By Piskvor


2009-06-12 14:08:42 8 Comments

I have a table with ~500k rows; varchar(255) UTF8 column filename contains a file name;

I'm trying to strip out various strange characters out of the filename - thought I'd use a character class: [^a-zA-Z0-9()_ .\-]

Now, is there a function in MySQL that lets you replace through a regular expression?

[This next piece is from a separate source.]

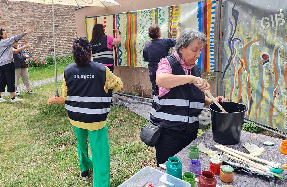 Bei einem offenen Kreativangebot können sich Frauen dem Malen großflächiger Bilder, dem Stoffdruck, Textilarbeiten sowie dem Gestalten von Skulpturen aus Naturmaterialien widmen. Die entstandenen Werke werden anschließend an Bäumen, Zäunen und Fassaden als wechselnde Freiluftgalerie im »YOSEFA Frauengarten« präsentiert. Sie werden zu einem lebendigen Zeichen weiblicher Kreativität im öffentlichen Raum. Auch das gemeinsame Kochen und Speisen steht auf dem Plan.

I'm looking for a similar functionality to REPLACE() function - simplified example follows:

SELECT REPLACE('stackowerflow', 'ower', 'over');

Output: "stackoverflow"

/* does something like this exist? */
SELECT X_REG_REPLACE('Stackoverflow','/[A-Zf]/','-'); 

Output: "-tackover-low"

I know about REGEXP/RLIKE, but those only check if there is a match, not what the match is.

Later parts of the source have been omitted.